Introduction to dataset #1 (gene expressions)
OverviewTeaching: 30 min
Exercises: 0 minQuestions
Where does this dataset come from?
How many genes will I consider in my analysis?
How many tissues do I have in my dataset?
In which unit are my gene expression measured?Objectives
Understand what this dataset comprises.
Be able to explain what the values mean and how they were obtained.
Table of Contents
- Dataset description
- What you will learn from the analysis of dataset #1
Using a dataset on human gene expression, we are going to search for gene markers related to the subcutaneous fat adipose tissue.
Taken from Wikipedia:
Most of the remaining nonvisceral fat is found just below the skin in a region called the hypodermis.This subcutaneous fat is not related to many of the classic obesity-related pathologies, such as heart disease, cancer, and stroke, and some evidence even suggests it might be protective. The typically female (or gynecoid) pattern of body fat distribution around the hips, thighs, and buttocks is subcutaneous fat, and therefore poses less of a health risk compared to visceral fat.
Objective of this first section of the lesson
The goal of this first section is to find subcutaneous fat adipose-related gene markers using existing gene expression data.
Data provenance: the GTEx database
The dataset that you will use comes from the Genotype-Tissue Expression (GTEx) project. This portal gathers comprehensive public resources to study tissue-specific gene expression. Samples were collected from 54 non-diseased tissue sites across nearly 1000 individuals. The GTEx Portal provides open access to the dataset and includes numerous extra information (e.g. QTLs, etc.).
This database is useful to find gene markers for a specific tissue. In turn, it can be used to find tissue-specific genes and pathways, etc.
You will work on a RNA-seq dataset from the GTEx database version 7 (June 30, 2017). This dataset comprises 56,202 genes from 53 different human tissues.
What you will learn from the analysis of dataset #1
- How to perform Exploratory Data Analysis steps
- Showing the first records of a dataset.
- Checking if data types (strings, numbers) are correctly encoded.

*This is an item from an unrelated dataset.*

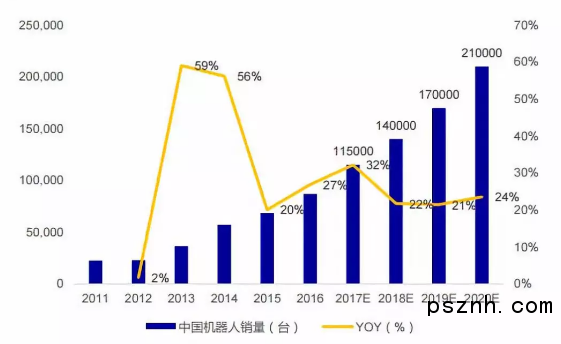 政策引導:國家層面先后頒布在《中國制 造2025》《機器人產業發展規劃(2016-2020年)》“工業強基工程”等政策,規劃到2020年我國工業機器人密度目標150臺/人,國內產量20萬臺、自主產量10萬臺,國家意志推動工業機器人產業發展。

- Creating a few plots to reveal potential data issues (scale, outliers, etc.).
- How to create and interpret a Principal Component Analysis
- Performing the PCA: number of components, extract scores and loadings.

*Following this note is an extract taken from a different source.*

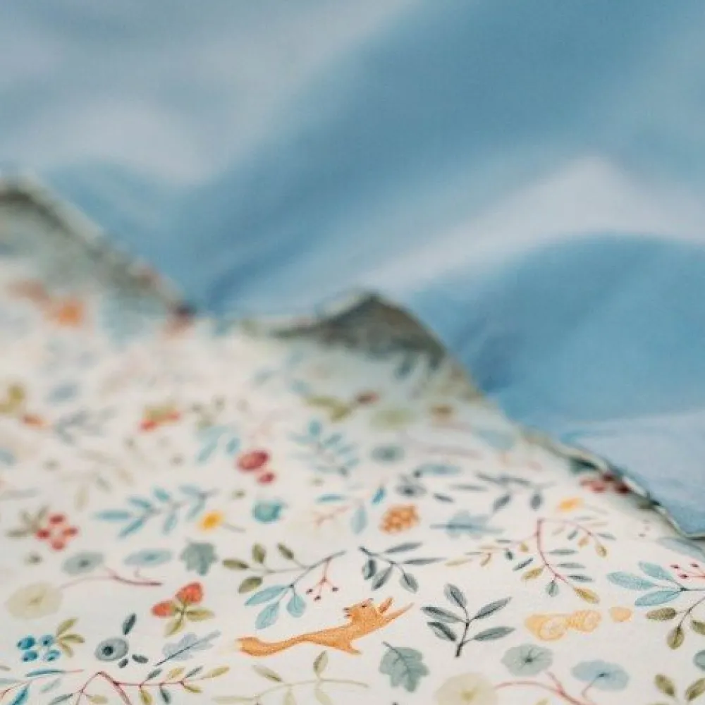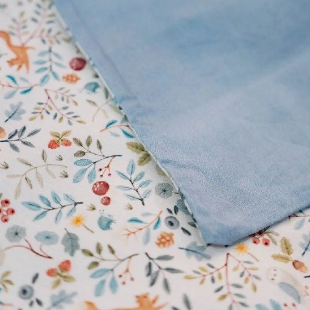 Voeg een vleugje design toe aan de kinderkamer met een prachtig opgemaakt bed. Met dit dekbedovertrek voor een peuterbed zal je kleintje heerlijk wegdromen naar avontuur. Het dessin Forest Wonders inspireert de mooiste dromen over een avontuurlijk bos met de schattigste dieren zoals eekhoorns, uilen, egels en vogels. Het zachte dekbedovertrek is gemaakt van 100% biologisch katoen met het Forest Wonders dessin aan de ene kant en een effen Denim Blue kleur aan de andere kant. Zowel de kussensloop als het dekbedovertrek zijn comfortabel, mooi afgewerkt en hebben een goed ademend vermogen. Het formaat van het dekbedovertrek is 120 x 150 cm en de kussensloop is 40 x 60 cm.

- Creating the PCA plot, choosing scaling and centering.
- Extracting the genes most related to the principal components of interest.
- How to perform a clustering analysis and coupling it to a heatmap representation
- Understand the distance metric used for clustering.

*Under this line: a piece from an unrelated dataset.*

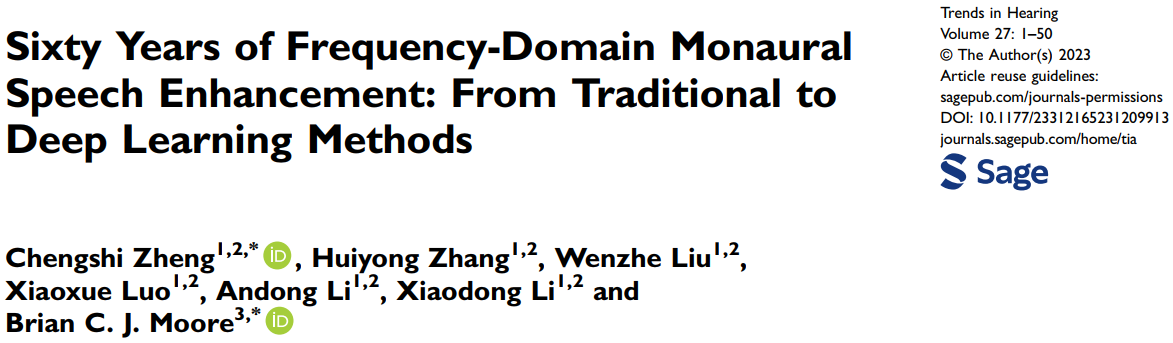 Zheng, C., Zhang, H., Liu, W., Luo, X., Li, A., Li, X., & Moore, B. C. (2023). Sixty years of frequency-domain monaural speech enhancement: From traditional to deep learning methods.?Trends in Hearing,?27, 23312165231209913.?DOI:?10.1177/23312165231209913

- Choosing one clustering method.
- Creating heatmaps and re-using the clustering performed previously.
The original RNA-seq dataset used is called GTEx_Analysis_2016-01-15_v7_RNASeQCv1.1.8_gene_median_tpm.gct.gz and comes from the GTEx portal. This dataset is pre-processed as gene TPM medians per tissue are already computed.
It is used in the original publication from Ahn et al. 2019 that is used as a roadmap:
Ahn, J., Wu, H. & Lee, K. Integrative Analysis Revealing Human Adipose-Specific Genes and Consolidating Obesity Loci. Sci Rep 9, 3087 (2019). Link.
This lesson has been formatted according to the Carpentries Foundation lesson template and following their recommendations on how to teach researchers good practices in programming and data analysis.
This material builds from a lot of fantastic materials developed by others in the open data science community. In particular, this lesson relies heavily on the material assembled by Hugo Tavares and Georg Zeller Data Carpentry style lesson.
- Adipose tissue: Blausen.com staff (2014). “Medical gallery of Blausen Medical 2014”. WikiJournal of Medicine 1 (2). DOI:10.15347/wjm/2014.010. ISSN 2002-4436.
This dataset measures gene expression from various human tissues.
Gene expression is measured from the hybridization of mRNA molecules to microarray probes.
Some tissues have genes that are uniquely or strongly expressed in them which makes them gene-markers of that tissue.
Finding tissue-specific markers can be done through several methods: PCA, clustering or even custom ones.